Aveva riferito che la figlia, quella sera, diceva che voleva andarsene per tornare in comunità, mentre lei e il marito, pure condannato all'ergastolo, avevano cercato in tutti i modi di convincerla a non andare. "Sono uscita di casa per respirare e lei diverse volte è uscita con me. Quando siamo rincasati, ho iniziato a piangere di nuovo. Lei mi ha detto che avrebbe evitato per quella sera, ma che sicuramente sarebbe andata via. A differenza di quanto dichiarato da Ali (suo figlio minore, ndr), non c'è stata alcuna discussione ma mio marito Shabbar le diceva comunque di rimanere a casa, l'unica nostra richiesta era che rimanesse con noi, che non si allontanasse".

E poi ancora: "Ho iniziato di nuovo a sentirmi male, sono uscita ancora da casa e ho iniziato ad avere attacchi di panico da quando lei è andata in comunità la prima volta. Prima non ne soffrivo. Quando siamo uscite Ali ci guardava dal piano di sopra. Saman aveva in mano il suo cellulare e quello di Ali. Ha insistito che se ne voleva andare, noi continuavamo a pregarla, che era già buio, ho chiesto ad Ali di dirglielo anche lui. Quello che ci siamo scambiate per le scale non erano i documenti ma 200 euro che le ho dato perché aveva espresso la volontà di comprarsi un cellulare nuovo. Siamo scesi, ci siamo seduti in cucina, io e il padre ai suoi piedi implorandola di non andarsene a quell'ora tarda. Dalle telecamere si vede, ma sarebbe stato bello se ci fosse stata la registrazione delle voci, perché continuamente la pregavamo di non andare. Se avessi visto qualcosa mi sarei battuta per fermare qualsiasi tipo di aggressione nei suoi confronti, perché sono mamma".
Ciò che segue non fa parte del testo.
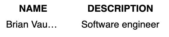 After importing and using the column and table components via the code snippet above, you would end up with an output that includes two columns--name and description--each with one value under them.

Il primo maggio 2021, il giorno dopo la scomparsa della figlia, sarebbe partita per il Pakistan insieme al marito: "Era una partenza programmata, Saman e suo fratello lo sapevano. Ho passato la notte piangendo, la mattina dopo partimmo per il Pakistan. Il rientro di Shabbar era previsto dopo una settimana. Sono stata molto male durante il viaggio. Dopo un paio di settimane venne una persona a casa nostra e ci disse ‘non si trova più Saman'. Poi mi dissero che era morta Saman, allora chiesi a Shabbar se era vero e mi disse che lo aveva saputo pochi giorni dopo essere arrivato in Pakistan ma non me lo aveva detto perché stava male. Non ci rimaneva altro che piangere", ha detto.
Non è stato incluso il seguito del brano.